According to an annual study on housing affordability conducted by Post Office Money, over 50% of UK properties are located in areas that first-time buyers (FTBs) consider affordable.

The research, based on data from over 80 locations across the UK and collected by the Office for National Statistics, found that 56% of homes are in areas that would-be buyers judge to be within their means.

The findings come at a time when a number of statistics, including a house price index for August by Halifax, have indicated that UK house prices did not increase over the last six months.

This latest study replicates the findings of sluggish price growth in previous surveys, meaning that while the average UK property price now stands at £282,713, prices have increased by only 0.9% over the last year.

House prices still exceed incomes for FTBs

The study shows that while the average UK house price is 5.8 times greater than the average FTB’s income, some of the most affordable areas in the UK include the Greater Manchester towns of Oldham and Wigan, as well as Southampton and Blackpool.

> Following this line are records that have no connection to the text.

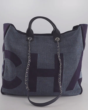 Chanel Denim Blue Logo Maxi Deauville Chain Tote Bag with Silver Hardware
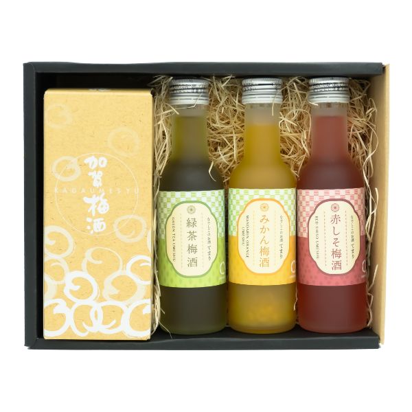 梅酒好きの方へ贈りたい!飲み比べワクワクセット♪全国梅酒品評会で金賞受賞の実績もある「てまりシリーズ(赤しそ・みかん・緑茶の3種)」は1本180mlの丁度いい飲みきりサイズ感。また、濃密な梅の旨味とクリアな飲み口をあわせ持つ加賀梅酒はANAのファーストクラスで提供されていた実績もある実力派。シーンを選んで色んな梅酒の味わいをお愉しみください♪
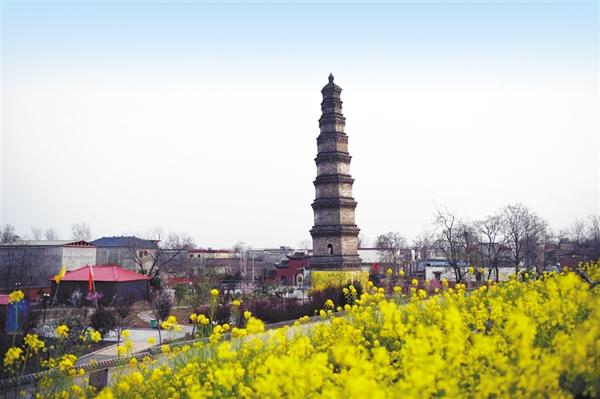 壽圣寺塔 位于商水縣郝崗鄉(xiāng)北常社店村,始建于北宋明道二年(1033年),明嘉靖二十八年進行過大修。1998年9月,壽圣寺塔又進行了一次大修。壽圣寺塔為九級樓閣式磚塔,高41.5米,平面呈正六邊形,塔內砌有盤旋的塔道,可逐級登高遠眺。塔體從底至頂漸收勻稱,成正六棱體錐形,塔頂形似寶葫蘆,給人以挺拔雋秀之感。塔的層檐收放尺寸自然得體,既保護了塔墻免遭雨雪侵蝕,又給予塔體以美的裝飾,看上去既規(guī)整肅穆,又不呆板。
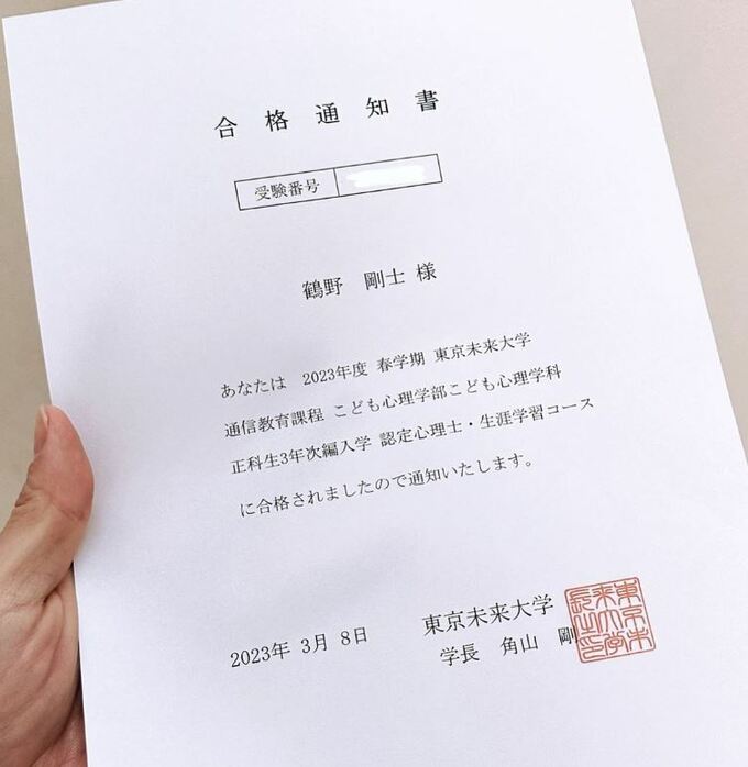 つるのさんは「合格通知書」写真をアップし「4月からもうすこしだけ学ばせていただきます #3年次編入 #通信教育課程 #50歳直前の卒業を目指して」と、その思いを綴っています。
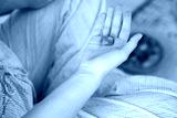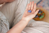 Woman with blue sodalite gemstone indoors, above view
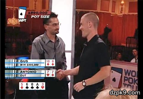 (译者注:世界扑克巡回赛上,安东尼奥持7h 7d手对公开加注,盖斯持10d 8d 3-Bet,安东尼奥长考之后all-in,盖斯跟注。亮牌之后安东尼奥一脸不可置信。牌面为5d 6s 8s Ac 3h。盖斯赢得价值890,000美金的底池,安东尼奥出局。)
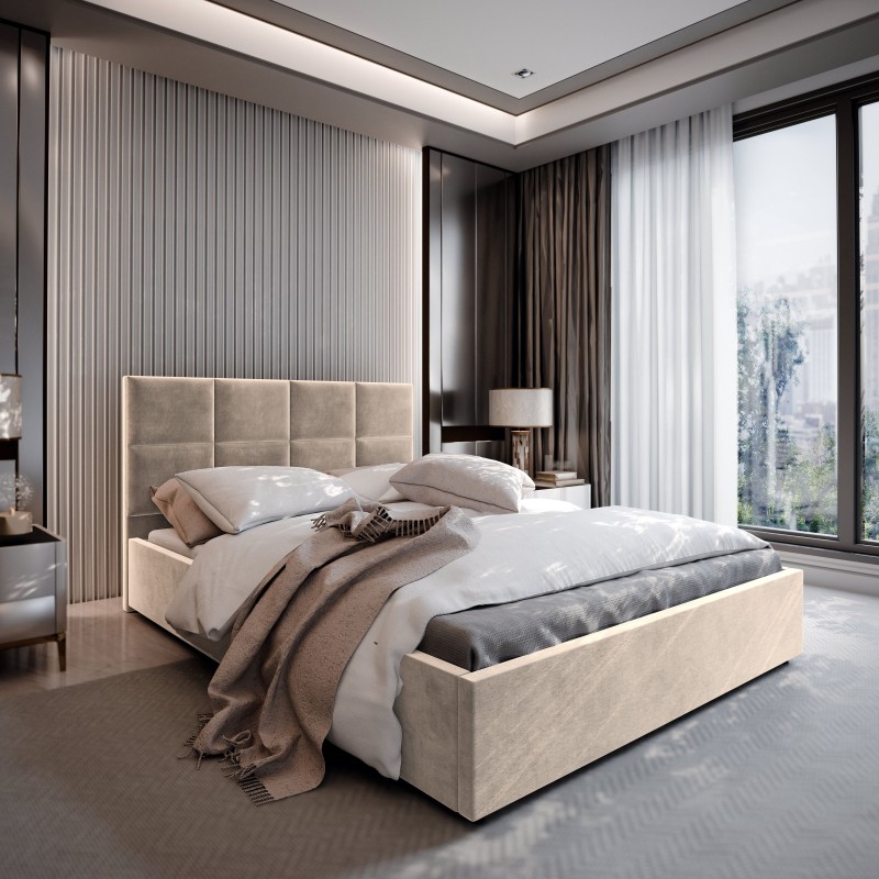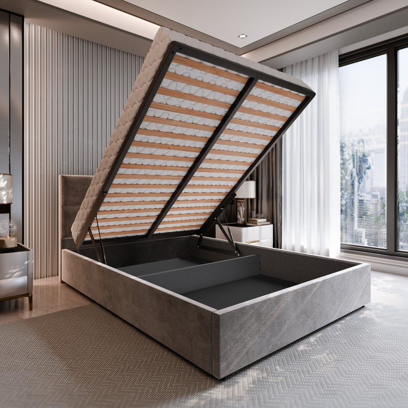 Każdy detal, od miękkiego w dotyku obicia po staranne wykończenie, został zaprojektowany, by zapewnić Ci głęboki, regenerujący sen i poczucie luksusu – każdej nocy. Wykorzystaj maksymalnie potencjał swojej sypialni dzięki praktycznym rozwiązaniom do przechowywania. Łóżko wyposażone jest w podnoszony stelaż, wspierany przez niezawodny mechanizm. Dzięki temu, dostęp do obszernego schowka na pościel jest całkowicie bezwysiłkowy.

In Blackpool, for example, while the average FTB in the North West region is believed to earn an annual income of £40,000, the average house price in the town is around £110,000. Post Office Money claims that this makes virtually every property in Blackpool affordable for FTBs.

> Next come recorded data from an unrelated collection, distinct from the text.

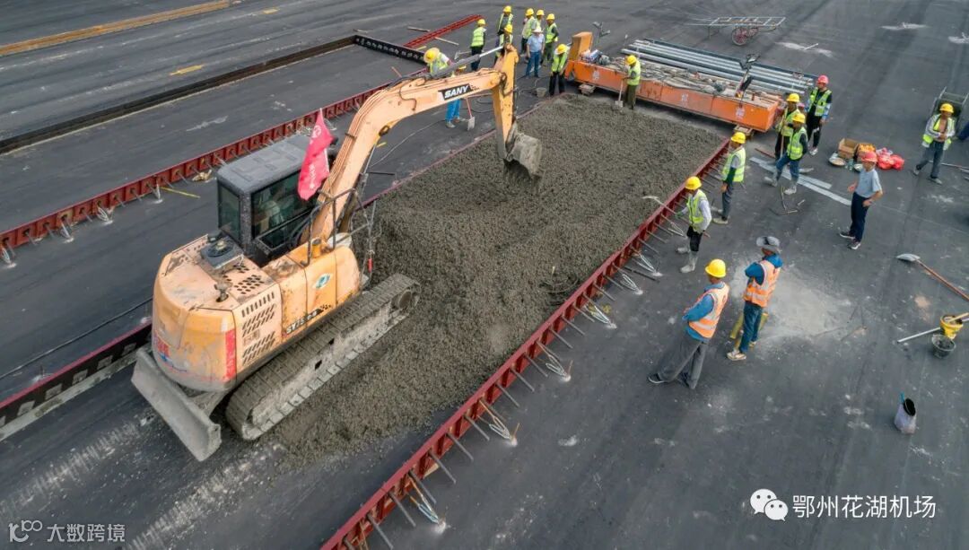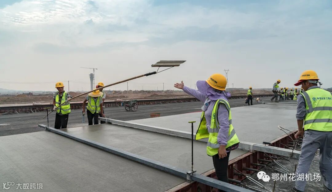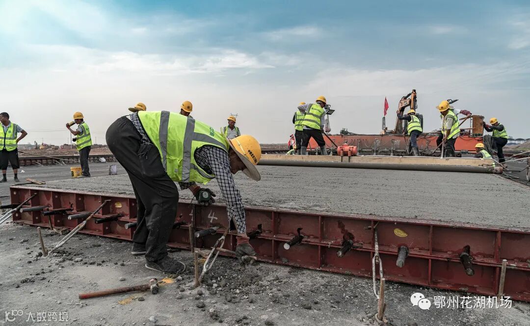 6月2日下午15时,在机械的轰鸣声中,鄂州花湖机场东跑道主体结构道面混凝土正式开始浇筑,机场飞行区工程东西两条跑道同步进入冲刺阶段。
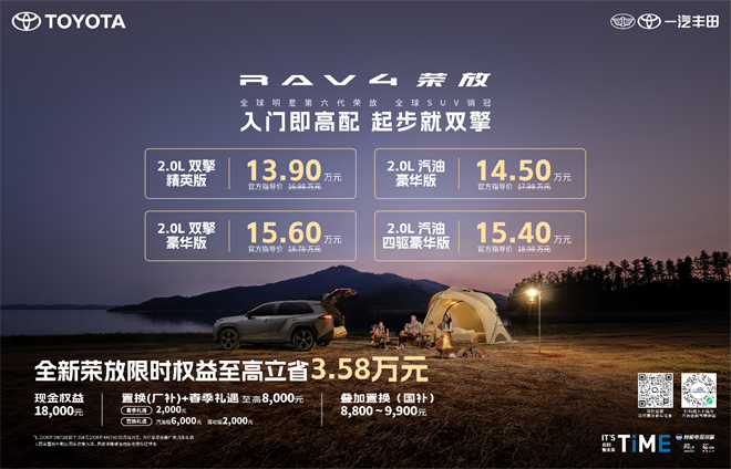 驚喜不止于價格,還有重重福利。2026年3月31日前下訂榮放全系并在4月30日前開具發(fā)票的用戶,即可享受一汽豐田提供的包括春季禮遇和置換補貼在內(nèi)的至高8000元春日禮。這還不夠,用戶還可同步享受至高約萬元的國家補貼。
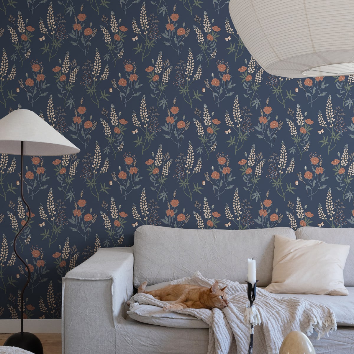 A blooming summer meadow with swaying lupines that mingle with sweet poppies and friendly straws.
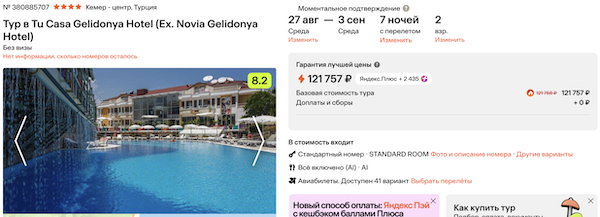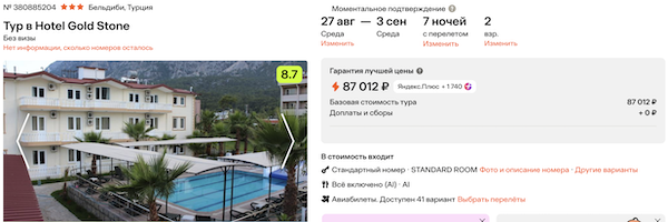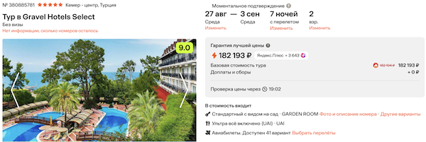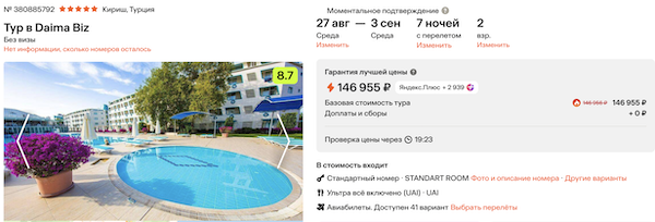 Даты поездки: с 27 августа по 3 сентября или соседние даты.
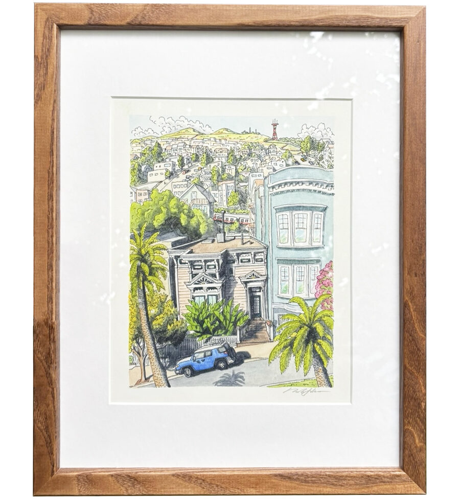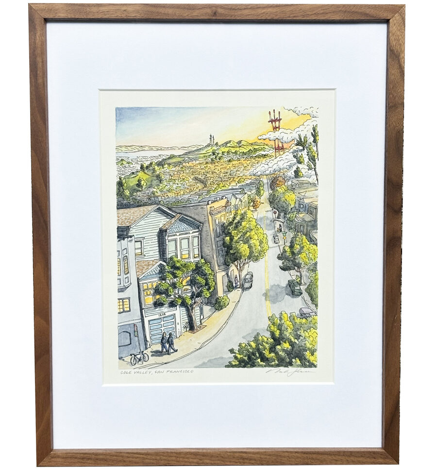 9″x12″ painting, framed with a window mat in a 16×20 wood frame.

However, FTB buyers in Warwick, although earning a similar income of £41,796, would be highly unlikely to find any properties affordable. This is because the average house price in Warwick is £305,000 and has increased in value by 5% over the last year.

UK’s affordable hotspots

Lincoln and Hull are also among the UK’s affordable ‘hotspots’, both cities having 100% of housing stock that is affordable for FTBs.

Over the last year, Rotherham saw the largest change in affordability for FTBs. Although the number of affordable properties has decreased by 18%, 79% of neighbourhoods in the city are still affordable for the average FTB, which means it’s still a worthwhile option for local would-be buyers.

The change has been fuelled by wage-growth in the area increasing the number of potential FTBs and driving demand.

Ipswich has seen the greatest increase in the number of properties in areas affordable to FTBs, an increase of 6% to 88% and a result of the trend for falling house prices in the South of England, the first time prices have fallen in the region since the recession in 2009.

Commuter towns unaffordable for many

FTBs are finding commuter towns increasingly unaffordable, especially in the South of England, in locations such as Surrey, Woking and Cambridge. And yet, Reading has managed to buck the trend, as the research demonstrates that rising wages and low prices in particular areas of the town have resulted in a 6% increase in properties that FTBs consider affordable.

Ross Hunter, Product Director of retail banking at Post Office Money has commented that although house price growth has been slow over the last year, property can still appear especially unaffordable for FTBs. And that in order to achieve their ambition of home ownership, young buyers still face the significant challenge of having to save for a deposit.

Hunter added that it remains evident that saving for and buying a property is not a straightforward process, although professionals in the property sector may be seeing the first glimmer of a ‘buyer’s market’. He concluded that fundamental to an FTB’s personal plan of action is the need to look for the most affordable areas in nearby towns and cities.